30. 30. The method according to claim 21, wherein the target cell is characterized in that it has an inactivated function of the tumor suppressor.
31. 31. The method according to claim 27, characterized in that the endogenous overexpression of an intracellular enzyme is the result of the amplification of the gene coding for the enzyme.
32. 32. The method according to claim 27, characterized in that the enzyme is amplified as a result of in vivo selection by chemotherapy.
33. 33. The method according to claim 27, characterized in that the enzyme is thymidylate synthase.
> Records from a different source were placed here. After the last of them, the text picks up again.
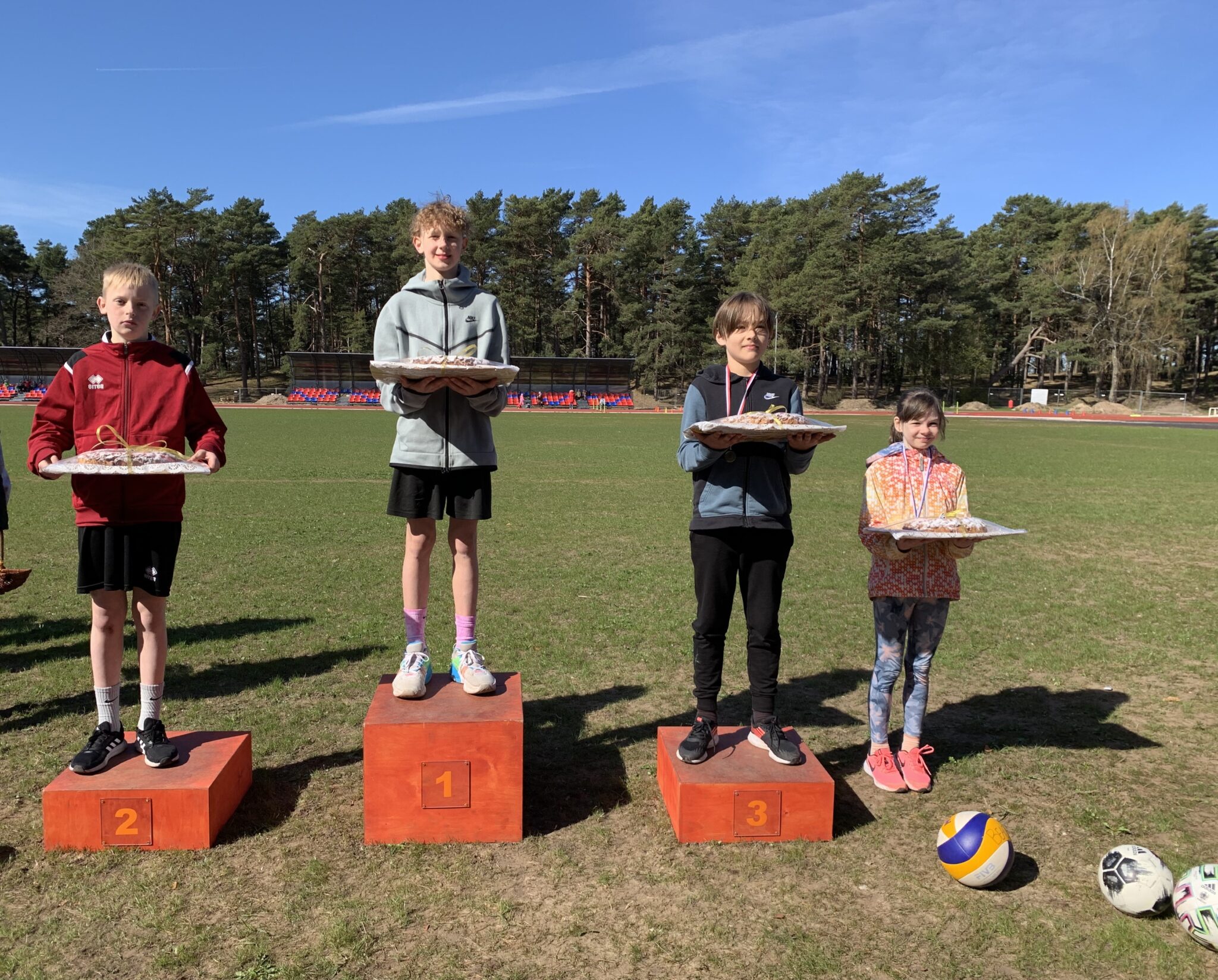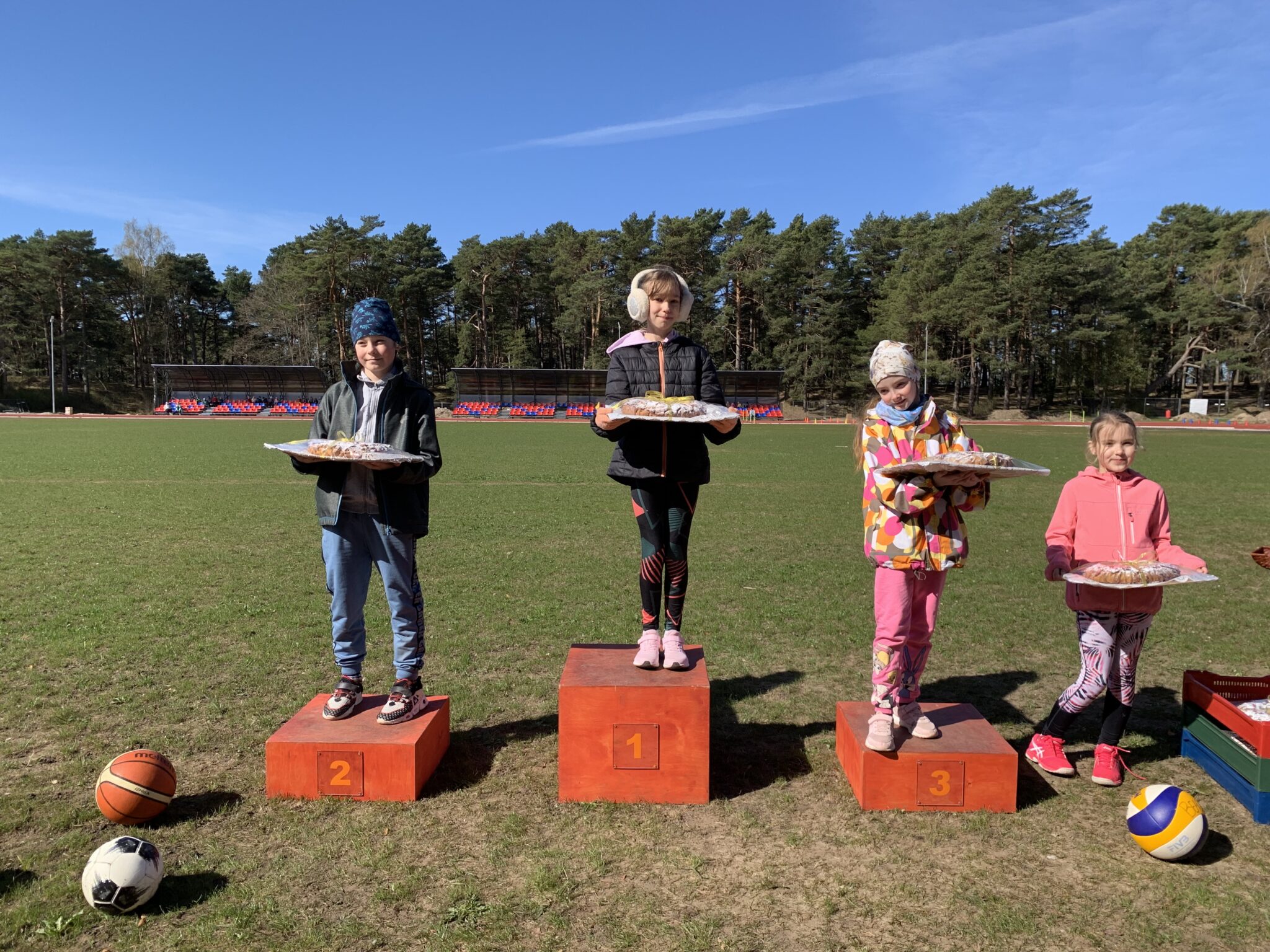 1.klašu skolēni vēl piedalījās dažādās stafetēs, kā arī spēlēja “Tautas bumbu”.
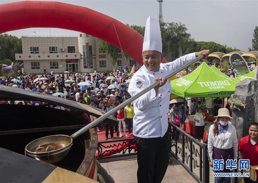 6月22日,在博斯騰湖開(kāi)湖儀式上,一名廚師舀起剛剛烹制好的魚(yú)。新華社記者 趙戈 攝
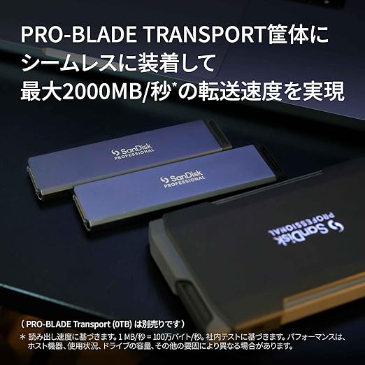 【交換可能なモジュラータイプ!「PRO-BLADE TRANSPORT」搭載用SSD】本商品は、ポータブルなモジュラータイプのSSDです。専用のSSDケース「PRO-BLADE TRANSPORT」に搭載してお使いください。最大4TBの大容量にもかかわらず、コンパクトサイズで軽量なので、持ち運んでの使用にも適しています。最大2,000MB/秒の高速データ転送(※1)&優れた耐衝撃性を兼ね備え、映像撮影や編集などプロの現場にも最適です。※1 「PRO-BLADE TRANSPORT」(別売り)搭載
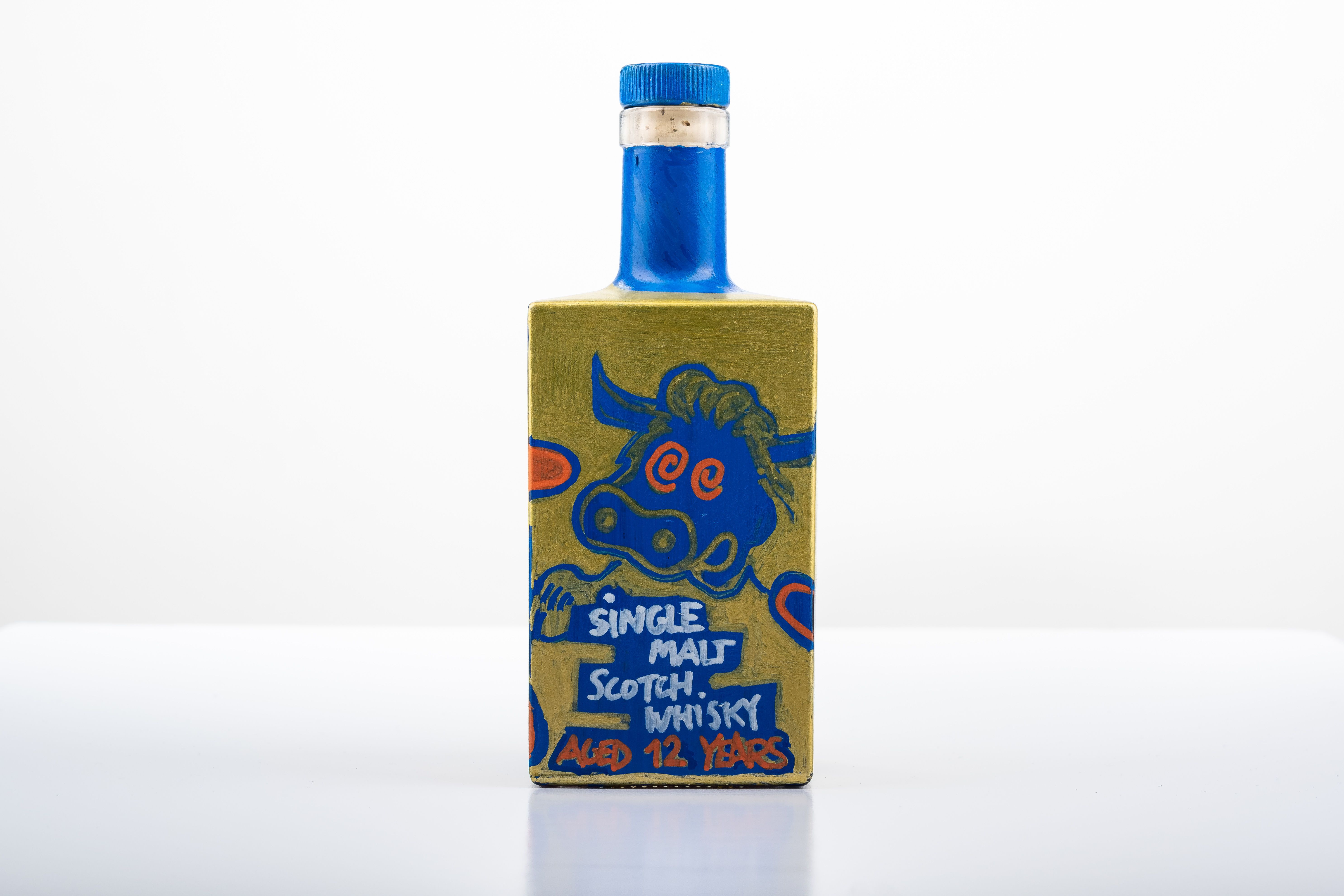 Limited edition Dim Zayan hand painted bottle of Genesis Block whisky.
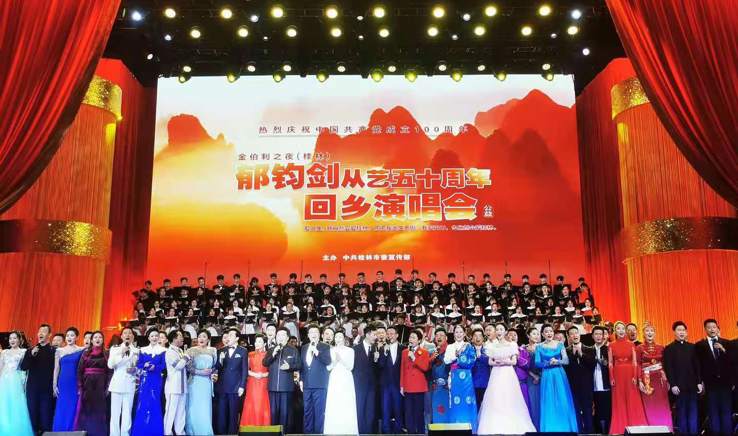 5月15日,我校教育与音乐学院100名音乐学专业学生组成的合唱团为著名歌唱家郁钧剑从艺50周年回乡音乐会伴唱助演,获得主办方和现场观众高度赞誉。此次演出由中共桂林市委宣传部主办、桂林市文学艺术界联合会、中国东盟艺术学院等协办,阵容强大,众星云集。著名主持人杨澜担任主持,夏小汤担任指挥,姜丽娜担任音乐总监,蒋赛担任钢琴伴奏,广西交响乐团、桂林爱乐弦乐组担任伴奏,张也、吕继宏、刘和刚等20余名著名歌手现场助阵演出。
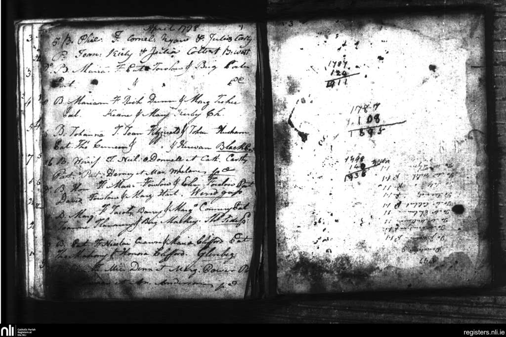 Dungarvan; County of Waterford; Diocese of Waterford and Lismore. Baptisms, Apr. 1798
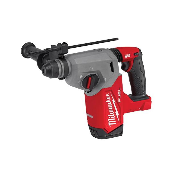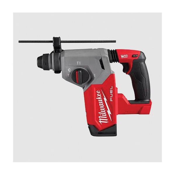 The MILWAUKEE® M18 FUEL™ 1" SDS Plus Rotary Hammer is the next generation of cordless rotary hammers delivering ultimate jobsite performance and productivity. The M18 FUEL™ 1" SDS Plus Rotary Hammer is the fastest drilling rotary hammer in its class, includes AUTOSTOP™ Control for enhanced safety, and can drill up to (125) 3/8" x 2" holes per charge when paired with the M18™ HIGH OUTPUT™ XC6.0 Battery. The POWERSTATE™ Brushless Motor delivers 2 ft-lbs of impact energy, 1,330 RPM, and 4,800 BPM, providing speed and power in the most demanding applications. REDLINK PLUS™ intelligence tool technology ensures maximum rotary drill performance and protects it from overload, overheating, and over-discharge. The M18™ REDLITHIUM™ HIGH OUTPUT™ XC6.0 Battery delivers 50% more power while running 50% cooler than the M18™ REDLITHIUM™ XC batteries. This hammer provides maximum control and enhanced safety with the AUTOSTOP™ Kickback Control. This feature prevents over-rotation if the tool gets bound up while drilling in rebar or hard aggregate. Milwaukee's AVS Anti-Vibration System minimizes vibration for maximum comfort.
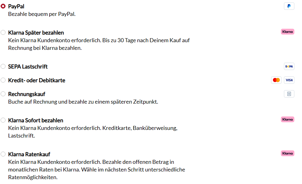PayPal, Später bezahlen (über Klarna), Sofort bezahlen (über Klarna), Ratenkauf (über Klarna), Rechnungskauf, SEPA-Lastschrift, Kredit- oder Debitkarte.
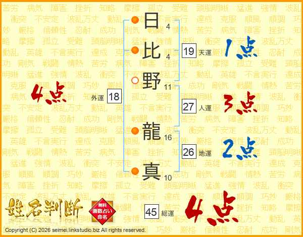 日比野龍真さんの総運は45画の4点!
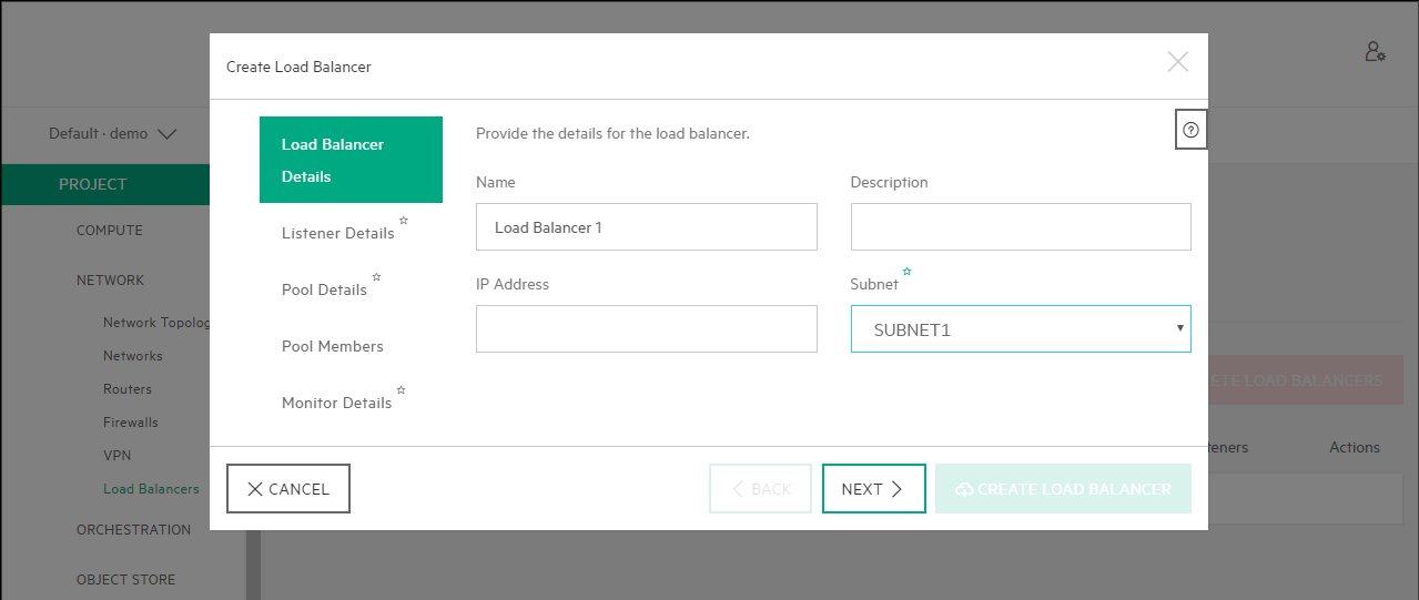 Provide the Load Balancer details, Load Balancer Name, Description (optional), IP Address and Subnet. When complete, select Next.
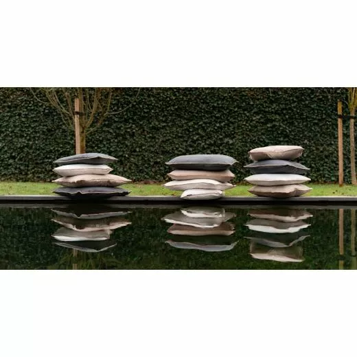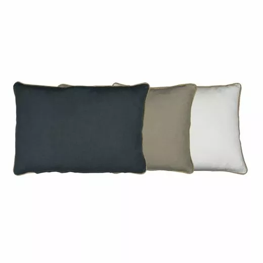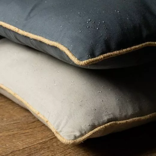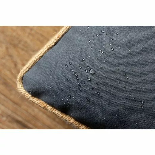 Sininen ulkotyyny terassin tai parvekkeen sisustukseen. Ulkokäyttöön sopiva tyyny on tehty kosteutta kestävistä materiaaleista ja voit huoletta sisustaa sillä ulkona. Kaunis naturel-värinen punosreunus kiertää tyynyn kantteja. Sisätyyny sisältyy.
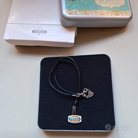 Collana Fossil, ciondolo in acciaio con inserto nero. In confezione originale. Lunghezza totale aperta 48 cm. Consegna a mani o spedizione con Tutto Subito. Mai usata
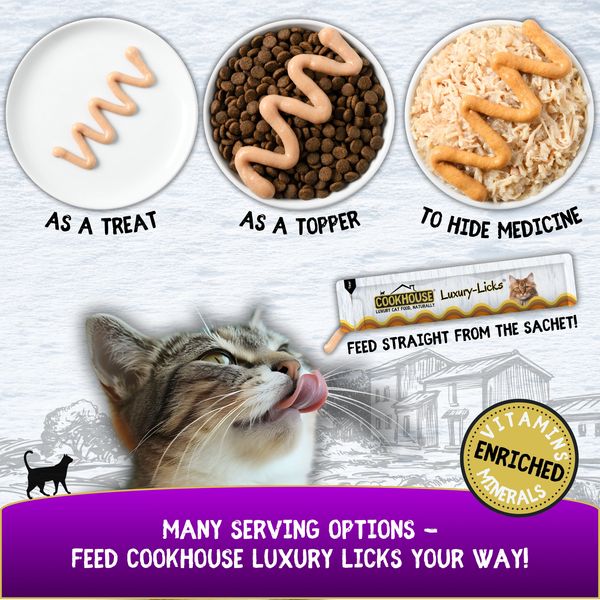 We believe that our cats deserve the very finest treats available, which is why we made the Luxury-Licks range. Carefully crafted and prepared by hand with care, Luxury-Licks are naturally grain & gluten free, contain zero artificial preservatives or colours and contain the perfect blend of taurine & vitamins C & D, meaning they're healthy as well as being delicious. Available in Chicken, Salmon, Tuna or Mixed varieties.
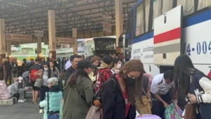 10 04 69 เวลา 10.30 น. ผู้สื่อข่าวรายงาน บรรยากาศการเดินทางในพื้นที่จังหวัดมุกดาหาร ช่วงก่อนเข้าสู่เทศกาลสงกรานต์และเทศกาลปีใหม่ลาว พบว่าที่สถานีขนส่งผู้โดยสารจังหวัดมุกดาหาร อำเภอเมือง จังหวัดมุกดาหาร เป็นไปอย่างคึกคัก มีแรงงานชาว สปป.ลาว ที่เดินทางกลับจากการทำงานในหลายจังหวัดของประเทศไทย ทยอยกลับภูมิลำเนาอย่างต่อเนื่อง เพื่อเดินทางต่อไปยังด่านพรมแดนสะพานมิตรภาพไทย-ลาว แห่งที่ 2 (มุกดาหาร–สะหวันนะเขต)
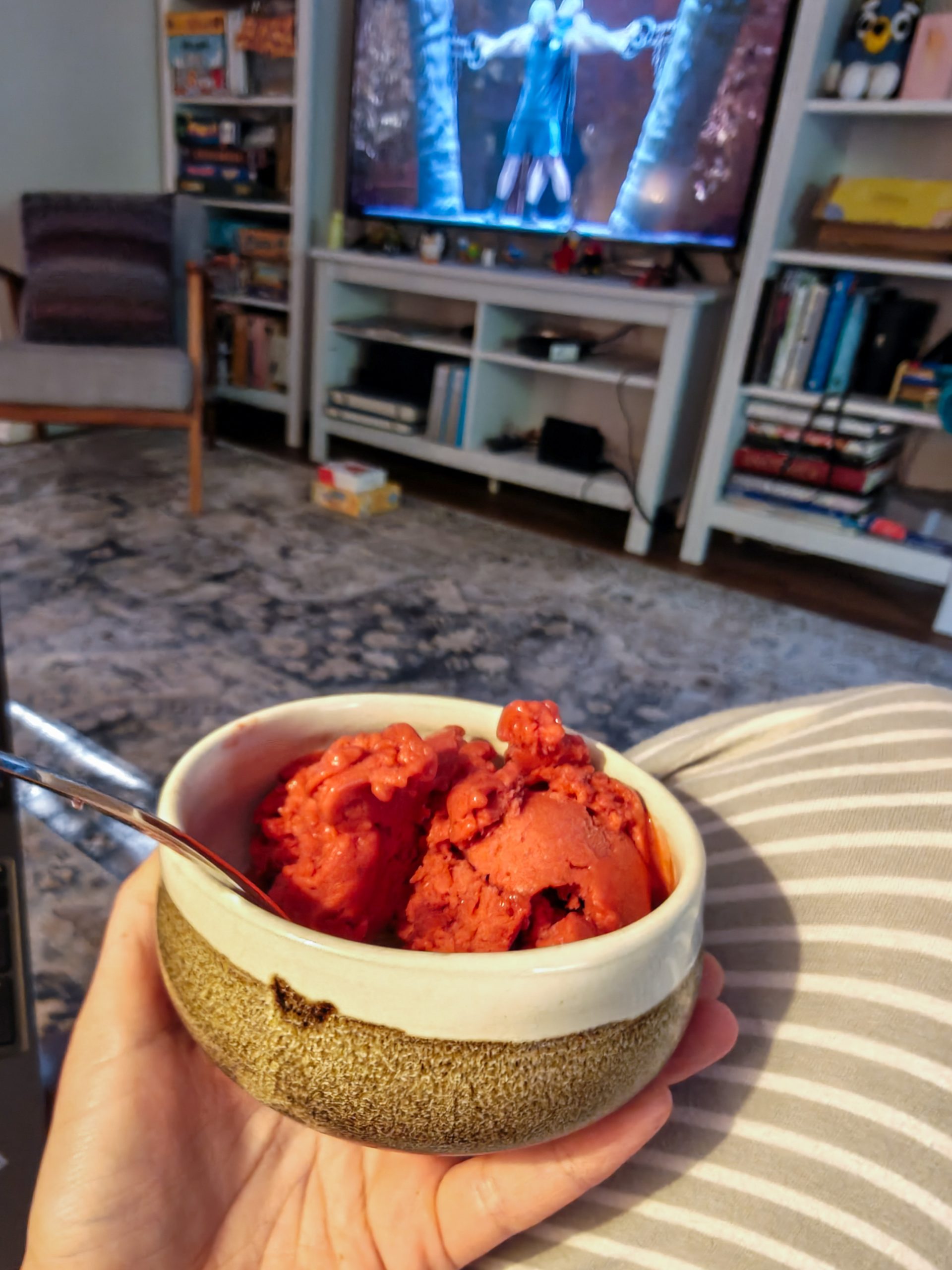 We got a Ninja Creami from Costco during Black Friday sales. (I sold the big compressor ice cream maker because we weren’t using it much.) I think the Ninja Creami is fitting our lifestyle better. My favourite mixtures so far have been strawberry sorbet (pictured), which was just cooked strawberries and a bit of maple syrup, sticky date protein ice cream, and mango sorbet. It’s nice that we can make them with healthy and lactose free ingredients.
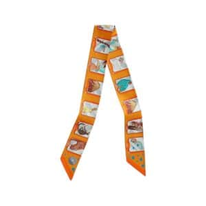The Hermès Twilly is a small, narrow silk scarf that captures the playful spirit and exquisite craftsmanship of the iconic French fashion house. Measuring approximately 86 cm x 5 cm, the Twilly is crafted from luxurious silk and features a wide range of vibrant patterns, often drawn from Hermès’ extensive archive of scarf designs.

34. 34. The method according to claim 1 or 2, characterized in that the target cell expresses a foreign gene coding for the target enzyme.
35. 35. The method according to claim 1 or 2, characterized in that it further comprises contacting a control cell with the candidate therapeutic agent, under conditions that favor the incorporation of the agent into the cell.
36. 36. The method according to claim 1 or 2, characterized in that the target cell expresses two or more foreign genes, each foreign gene coding for a target enzyme.
37. 37. The method according to claim 35, characterized in that the control cell does not express the target enzyme or expresses the target enzyme at a low level
38. 38. The method according to claim 35, characterized in that the control cell is normal cell type, not neoplastic and the target cell is a cancer cell.